» **GIVEN RECORDS**
Segment Open

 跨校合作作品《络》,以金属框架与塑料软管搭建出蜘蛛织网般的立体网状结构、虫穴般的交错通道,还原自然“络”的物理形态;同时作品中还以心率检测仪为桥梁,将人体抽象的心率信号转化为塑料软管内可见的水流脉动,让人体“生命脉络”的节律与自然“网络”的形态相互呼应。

Segment Closed
Segment Open

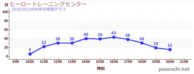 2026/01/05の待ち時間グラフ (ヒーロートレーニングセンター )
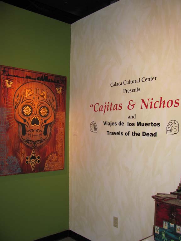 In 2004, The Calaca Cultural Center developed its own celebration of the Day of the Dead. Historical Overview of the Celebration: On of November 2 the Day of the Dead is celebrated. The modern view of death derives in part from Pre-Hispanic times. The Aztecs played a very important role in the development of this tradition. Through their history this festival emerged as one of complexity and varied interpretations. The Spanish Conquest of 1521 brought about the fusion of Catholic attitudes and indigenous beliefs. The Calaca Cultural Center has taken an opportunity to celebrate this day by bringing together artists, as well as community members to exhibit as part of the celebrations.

Segment Closed
Segment Open

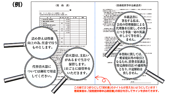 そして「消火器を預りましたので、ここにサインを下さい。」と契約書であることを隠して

Segment Closed

» **EXERCISE GOAL**
What are the lines in the records above, word for word, from the one containing "2026/01/05の待ち時間グラフ (ヒーロートレーニングセンター )" through the one containing "In 2004, The", both ends included and pictures left out?

» **ANSWER SECTION**
 2026/01/05の待ち時間グラフ (ヒーロートレーニングセンター )
 In 2004, The Calaca Cultural Center developed its own celebration of the Day of the Dead. Historical Overview of the Celebration: On of November 2 the Day of the Dead is celebrated. The modern view of death derives in part from Pre-Hispanic times. The Aztecs played a very important role in the development of this tradition. Through their history this festival emerged as one of complexity and varied interpretations. The Spanish Conquest of 1521 brought about the fusion of Catholic attitudes and indigenous beliefs. The Calaca Cultural Center has taken an opportunity to celebrate this day by bringing together artists, as well as community members to exhibit as part of the celebrations.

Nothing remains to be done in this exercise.